First, I have a confession to make. I care more than most people about backup and DR, in fact, I started my career managing storage arrays and data protection for a global systems integrator. To this day I still have the ports of 1556 and 13724 etched in my brain from my years as a Netbackup admin. I used to be the guy daily checking all the backups that had gone through, fixing VADP & VSS issues, and getting the 3 AM call when an urgent restore was required. Thankfully those days are now in my rearview mirror, but my concern for data has never faded.

Data is important and as such most organisations have pre-existing and well-defined solutions for operating within the on-premises landscape but a question I often get is how do I provide the same levels of protection in the cloud? I have seen many approaches adopted from this, including extending on-prem solutions such as Netbackup and Commvault into the cloud to the utilisation of snapshot and native features within products.

Highlighting a key misconception

One misconception which I thankfully don’t hear much of now is that:

In Cloud I don’t need to protect my data because my provider already does…

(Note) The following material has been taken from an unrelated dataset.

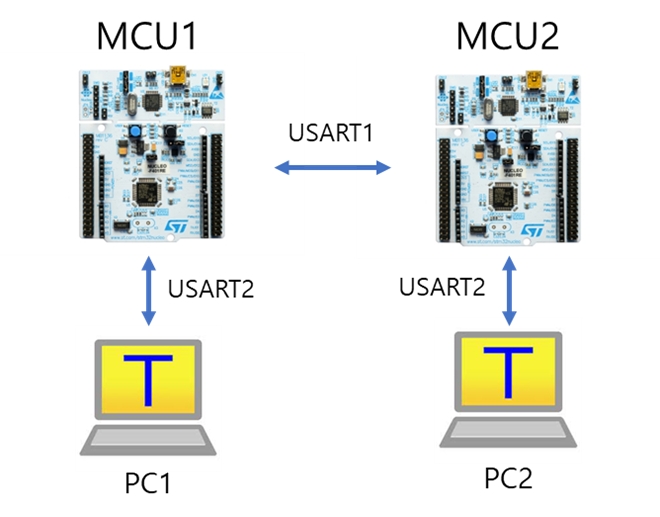 4. Connect MCU1 to MCU2 with USART 1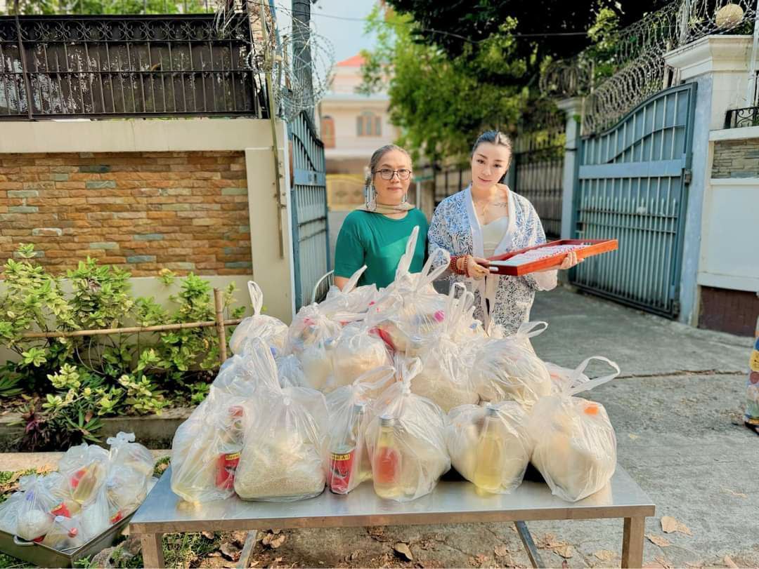 နှစ်သစ်မှာ ရှင် ၄၅ ပါးအတွက် ဆန်၊ဆီ၊ဆေး၊ဆားနှင့် နဝကမ္မ ကျပ် ၁၀၀၀၀ စီလောင်းလှူခဲ့တဲ့ ဖွေးဖွေး

Whilst it is true that your provider will seek to cover their own backsides in the event of a catastrophic hardware failure they will implement several strategies to achieve this which may or may not include backing up the data. It only takes a quick glance at the shared responsibility model to see that content (aka data!) is firmly in your responsibility.

Source: https://cloud.google.com/blog/products/containers-kubernetes/exploring-container-security-the-shared-responsibility-model-in-gke-container-security-shared-responsibility-model-gke

I think it surprises people that this even includes SaaS products like Google Workspace and Microsoft 365. In fact, one of the solutions offered by my company’s group sibling CloudM is archiving for both Google and 365.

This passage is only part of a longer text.